How does ChatGPT work? | Zapier

How does ChatGPT work? | Zapier

ChatGPT has been a household name for less than two years, so it’s no surprise that lots of people are still unsure how it works. If I didn’t have to write about it so much, I probably would be too. So let’s dial things back: to understand how ChatGPT works, we need to start by talking about the underlying language engine that powers it.

The GPT in ChatGPT is mostly three related algorithms: GPT-3.5 Turbo, GPT-4 Turbo, and GPT-4o. The GPT bit stands for Generative Pre-trained Transformer, and the number is just the version of the algorithm.
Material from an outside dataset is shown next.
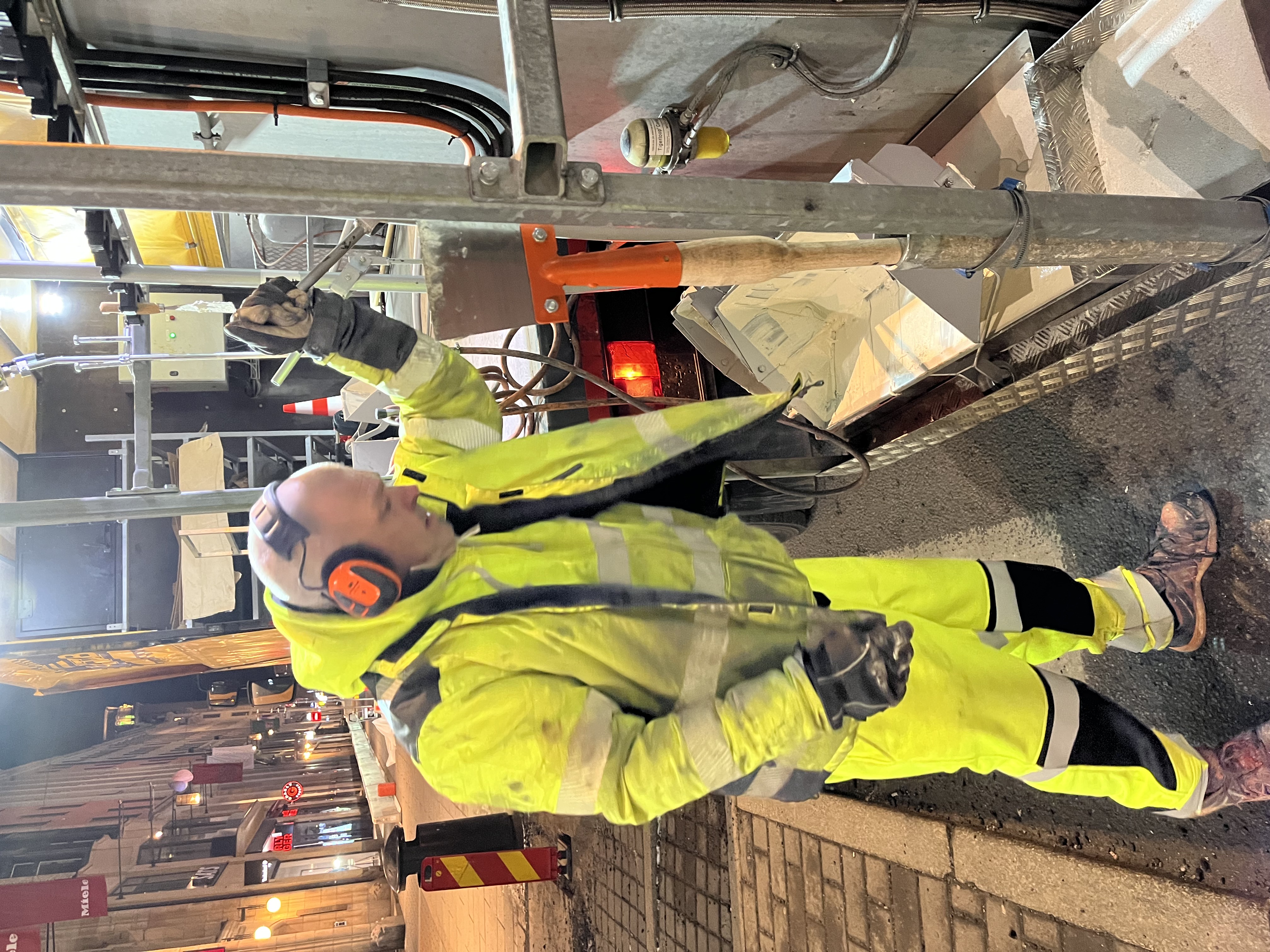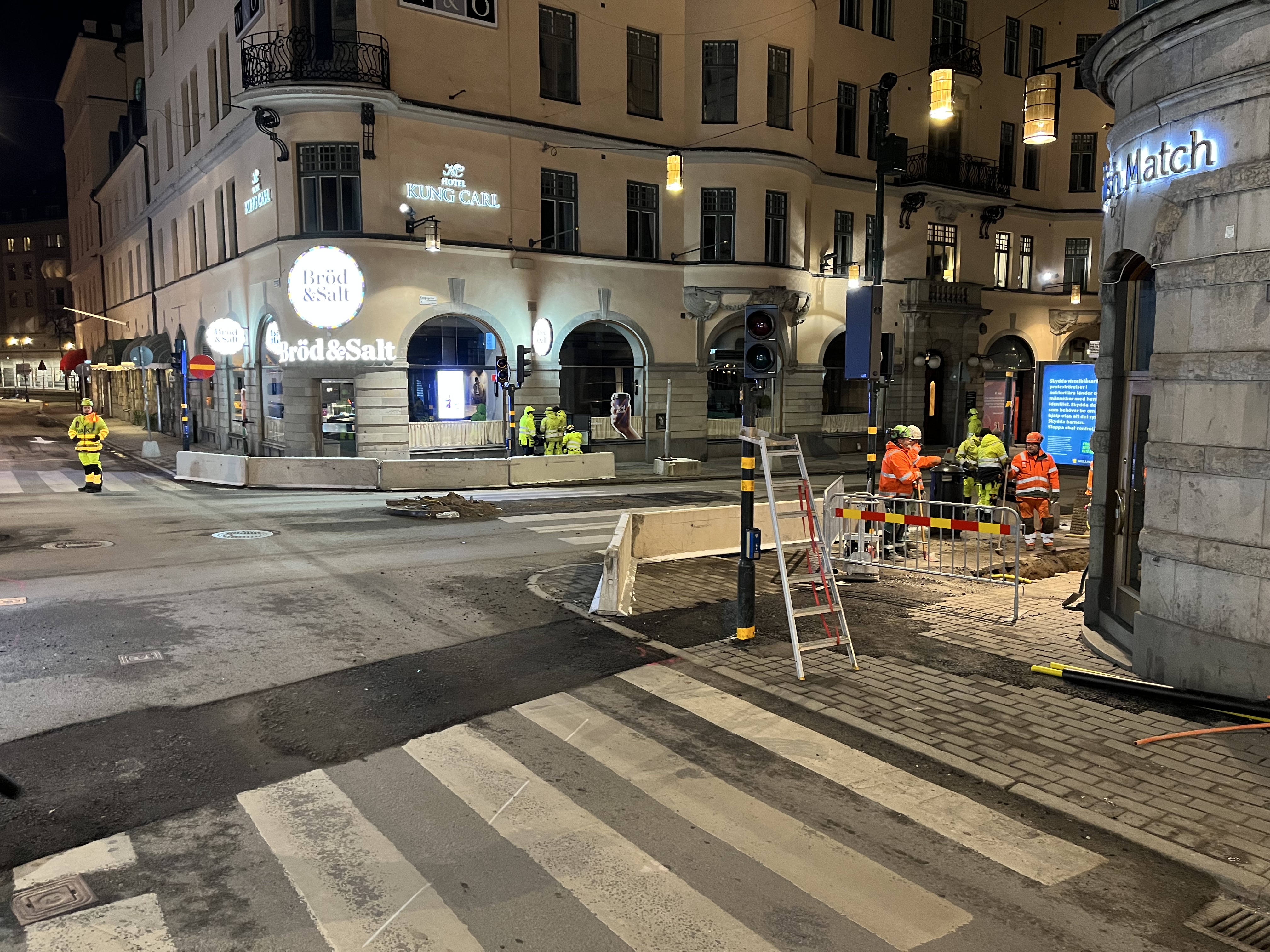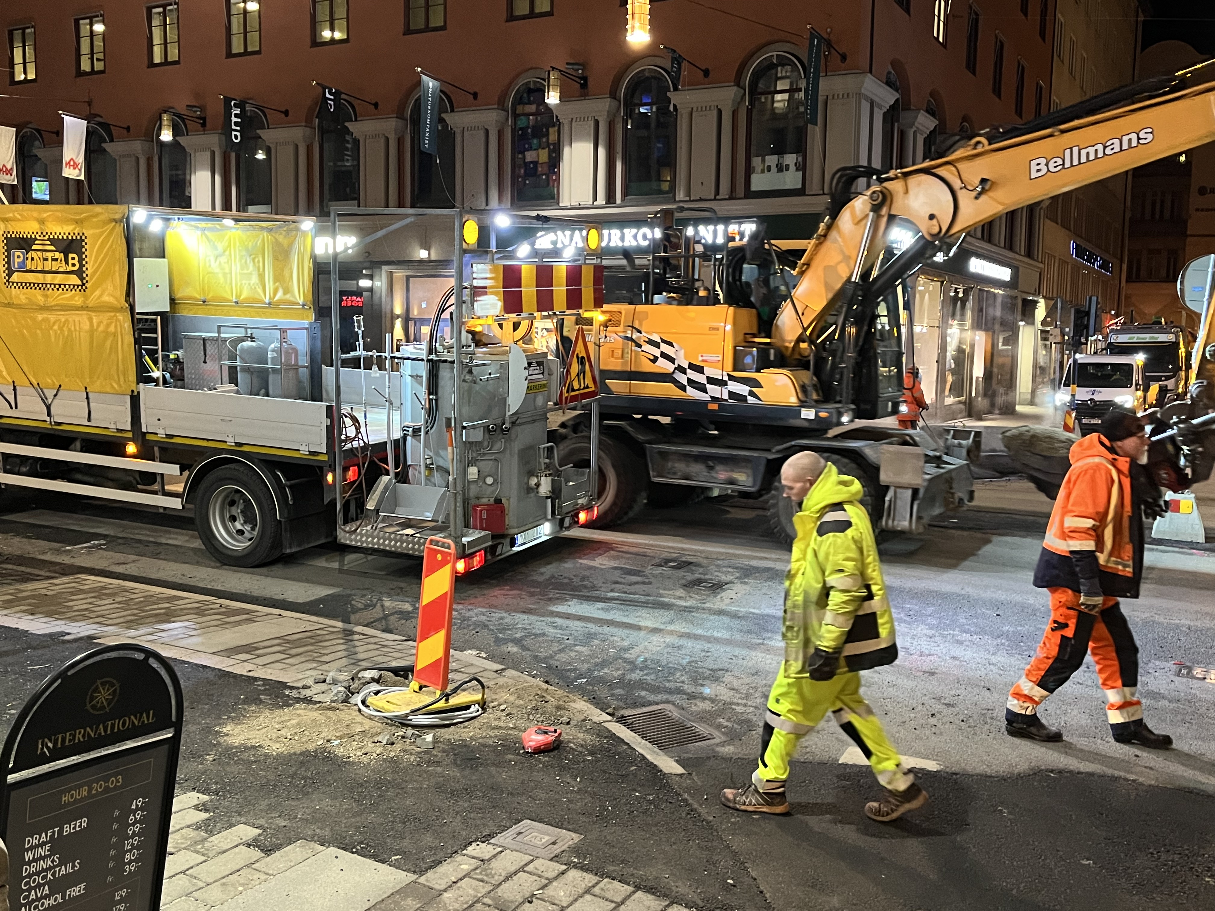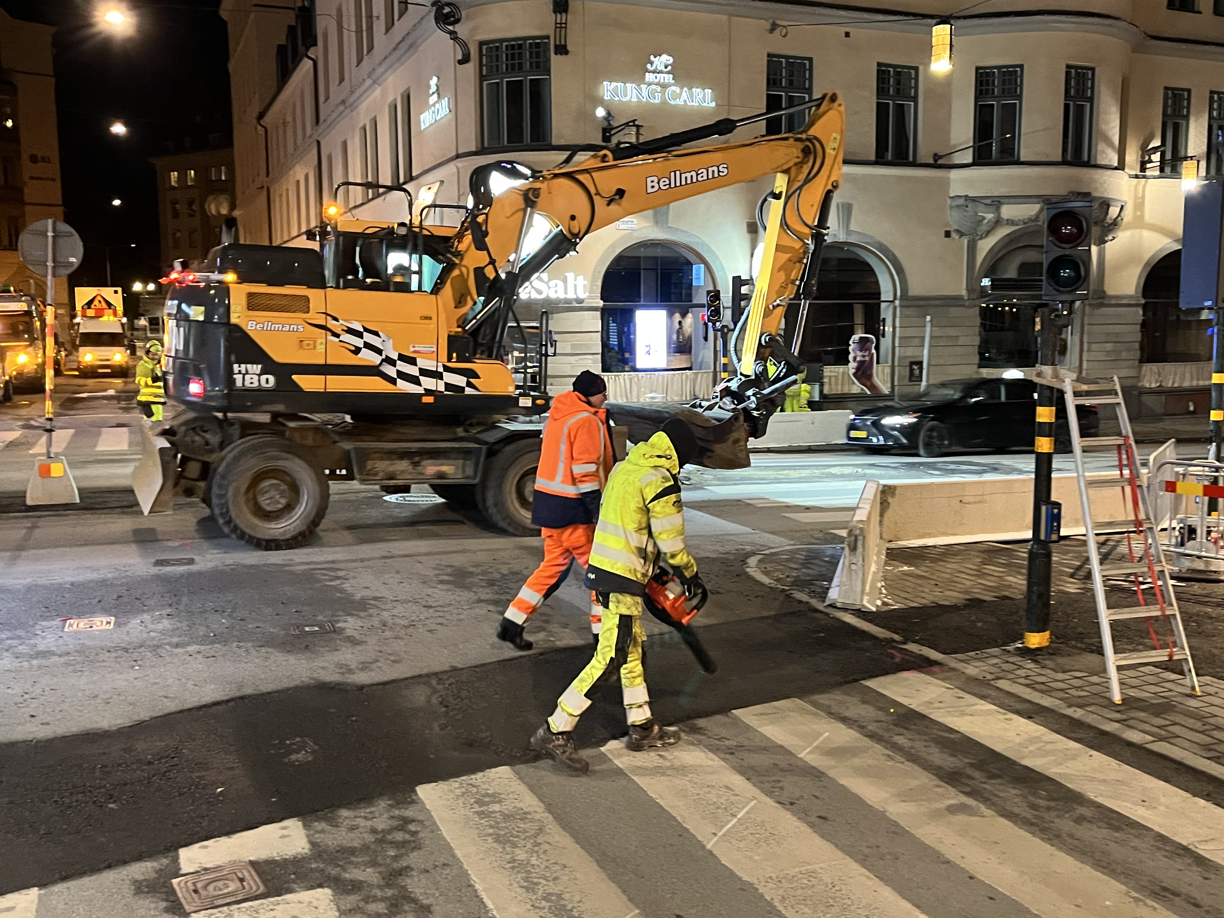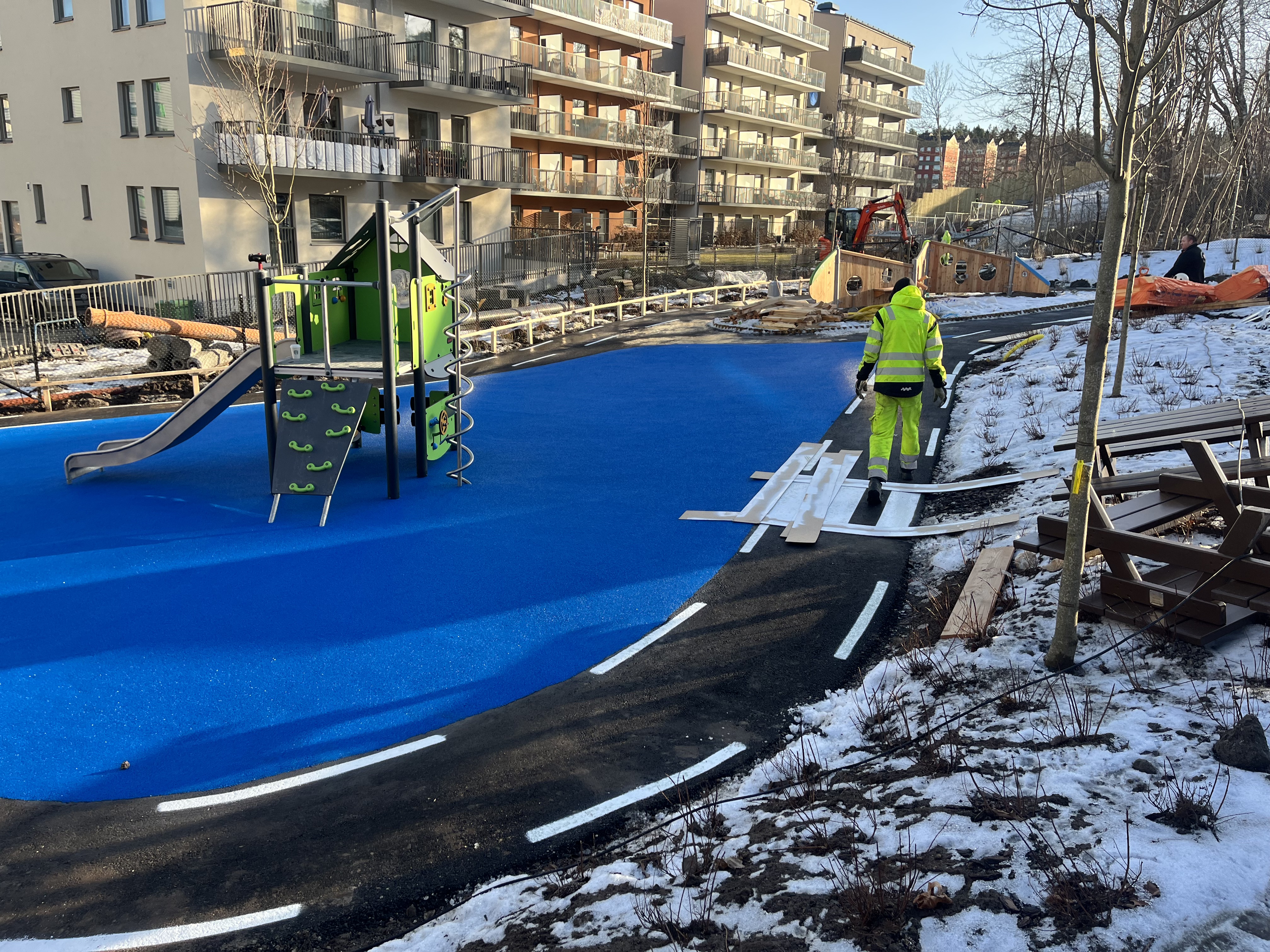 Vi utför tvär- och längsgående vägmarkering med termoplastisk vägmarkeringsmassa. Termoplastmassan hettas upp till 200 grader och läggs ut med handskopor eller extruderbil. Linjerna läggs med tjocklek på ca: 3 mm. Termoplasten innehåller 20% glaspärlor för att ge reflektans. Vi målar vägar, parkeringar gång- och cykelbanor mm.

GPT-4o is a little different because it’s multimodal, which means it can work with text, images, and audio—but we’ll get to that a little later.

The GPT models were developed by OpenAI (the company behind ChatGPT and the image generator DALL·E 3), but they power everything from Bing’s AI features to writing tools like Jasper and Copy.ai. In fact, many of the AI text generators available at the moment use GPT models, as well as similar models from other companies—though they tend to keep quiet when they use each one.

ChatGPT brought GPT into the limelight because it made the process of interacting with an AI text generator simple and—most importantly—free to everyone. Plus, it’s a chatbot, and people have loved a good chatbot since SmarterChild.

While GPT is the most prominent large language model (LLM) right now, there are now plenty of others. Google has its Gemini models and chatbot; Anthropic has Claude; Meta has Llama 3, which powers its Meta AI chatbot. And that’s before you dive into the models aimed at large companies, like Writer’s Palmyra LLMs, or open models like Mixtral 8x22B. Still, at least for now, OpenAI’s offerings are still the most powerful widely available and the de facto industry standard.

So the answer to “how does ChatGPT work?” is basically: GPT-3.5, GPT-4, and GPT-4o. But let’s dig a little deeper.

Table of contents:

What is ChatGPT?

ChatGPT is an app built by OpenAI. Using the GPT AI models, it can answer your questions, write copy, generate images, draft emails, hold a conversation, brainstorm ideas, explain code in different programming languages, translate natural language to code, and more—or at least try to—all based on the natural language prompts you feed it. It’s a chatbot, but a really, really good one.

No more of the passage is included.